If a moderate brachycephalic dog is bred to a normal-muzzled dog, the resulting pups will likely be only moderately brachycephalic themselves and so, much less likely to exhibit BOAS.

Can dogs with extreme BOAS be used for breeding?

Currently, there are no laws or restrictions on breeders breeding dogs with BOAS. This includes breeding dogs with very extreme BOAS (and/or BOAS that has been surgically improved, but that ergo will still result in heredity of the condition to the litter). 

In fact, some breeders who breed for profit rather than health and welfare deliberately breed extremely brachycephalic dogs with severe BOAS and market them as top quality examples of the breed as opposed to dogs plagued with a lifetime of painful and costly health issues.

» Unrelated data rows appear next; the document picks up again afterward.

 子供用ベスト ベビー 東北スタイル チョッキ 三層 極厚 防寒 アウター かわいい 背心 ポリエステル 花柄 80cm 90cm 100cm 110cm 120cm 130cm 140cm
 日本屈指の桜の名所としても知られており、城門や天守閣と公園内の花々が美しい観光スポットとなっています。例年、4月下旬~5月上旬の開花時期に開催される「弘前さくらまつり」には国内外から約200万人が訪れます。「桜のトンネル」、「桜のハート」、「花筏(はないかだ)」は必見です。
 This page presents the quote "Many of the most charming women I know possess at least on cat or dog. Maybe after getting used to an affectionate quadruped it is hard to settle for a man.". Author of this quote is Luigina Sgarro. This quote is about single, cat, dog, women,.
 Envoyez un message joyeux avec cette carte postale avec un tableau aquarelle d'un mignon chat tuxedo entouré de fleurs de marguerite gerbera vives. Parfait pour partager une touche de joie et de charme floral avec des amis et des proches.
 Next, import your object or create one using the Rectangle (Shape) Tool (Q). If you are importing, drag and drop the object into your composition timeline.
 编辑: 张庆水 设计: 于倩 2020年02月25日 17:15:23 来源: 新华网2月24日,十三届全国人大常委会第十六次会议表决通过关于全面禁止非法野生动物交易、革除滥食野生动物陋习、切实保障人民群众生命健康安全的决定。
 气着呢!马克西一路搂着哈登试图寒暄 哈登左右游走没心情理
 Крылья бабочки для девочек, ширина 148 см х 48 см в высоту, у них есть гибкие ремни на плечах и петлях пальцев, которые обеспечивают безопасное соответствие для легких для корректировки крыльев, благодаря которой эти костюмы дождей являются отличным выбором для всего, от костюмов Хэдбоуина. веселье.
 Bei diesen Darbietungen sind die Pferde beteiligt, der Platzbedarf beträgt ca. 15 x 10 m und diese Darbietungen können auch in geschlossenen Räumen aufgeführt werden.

Unfortunately there are no regulations or restrictions preventing this from happening. 

Should dogs with extreme BOAS be used for breeding? Absolutely not. This is risky for the parent dogs, and results in the inheritance of the condition in their young.

All prospective buyers of brachycephalic puppies should take pains to educate themselves on what it means for a dog to be brachycephalic and what BOAS is and how it occurs. This will help to ensure that you don’t fall foul of profit-hungry breeders producing so-called “designer” dogs or dogs that are wrongly marketed as top quality examples of their breed and with prices to match, which are ultimately suffering as a result of their breeder’s vanity.